Reverse Kegels: The Missing Half of Pelvic Floor Training

Why reverse Kegels matter for lasting longer: Most men who struggle with premature ejaculation have an overactive, tight pelvic floor — not a weak one. Squeezing tighter (standard Kegels) can actually accelerate ejaculation for these men. Reverse Kegels train the conscious relaxation of the pelvic floor, extending the time before ejaculatory reflex triggers.

How to do a reverse Kegel:

  1. Sit or lie in a comfortable position
  2. Inhale slowly and deeply through your nose
  3. As you inhale, allow the perineum (the area between scrotum and anus) to gently descend or bulge outward — do not push; allow it to release
  4. Hold the released position for 3–5 seconds
  5. Exhale and return to neutral
  6. Repeat 10 times, once or twice daily
  7. Key distinction: you are releasing muscle tension, not creating it

When to use during sex: Practice deep diaphragmatic breathing combined with reverse Kegel during high-arousal moments — this consciously counters the involuntary pelvic tightening that precedes ejaculation.

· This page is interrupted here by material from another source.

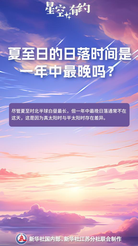 尽管夏至时北半球白昼最长,但一年中最晚日落通常不在这天,这是因为真太阳时与平太阳时存在差异。王科超解释道,“日出而作,日落而息”所依据的真实太阳运动时间称为真太阳时。在真太阳时系统中,夏至日确实是日出最早、日落最晚的一天。然而,由于真太阳时的不均匀性,我们日常所用的是以假想的太阳平均运动为依据得到的平太阳时。如此一来,每天都有均等的时长,即24小时。

Common Kegel Exercise Mistakes Men Make

  • Squeezing the wrong muscles — most common mistake; buttocks, thighs, or abdomen contracting instead of pelvic floor; check by placing hand on abdomen during exercise — it should stay relaxed
  • Holding breath — creates intra-abdominal pressure that defeats the purpose; breathe normally throughout
  • Doing too many too soon — overtraining an already-tight pelvic floor worsens symptoms; start with 10 reps per set
  • Only doing standard kegels — neglecting reverse kegels misses the relaxation component essential for ejaculatory control
  • Inconsistency — sporadic practice produces no results; 3 daily sessions minimum
  • Expecting instant results — 4–12 weeks is the realistic timeline; most men quit too early
  • Practising during urination — identification only, not exercise; interferes with bladder function if used regularly

Combining Kegels With Other Techniques for Best Results

  • Stop-start technique — during sex, pause before reaching point of no return, allow arousal to subside, continue; practise with kegel hold at the pause point
  • Squeeze technique — apply gentle pressure to the glans penis at the point of no return; works alongside pelvic floor awareness
  • Mindfulness during sex — reducing performance anxiety removes the psychological accelerant to PE
  • Breathing control — deep diaphragmatic breathing activates parasympathetic nervous system; combined with reverse kegel creates powerful arousal regulation tool.

Final Thoughts

For men looking to improve sexual performance and stamina, incorporating exercises like Kegels, cardiovascular workouts, and strength training can make a significant difference. Kegel exercises, in particular, are easy to perform and can help with controlling ejaculation, improving erectile function, and lasting longer in bed.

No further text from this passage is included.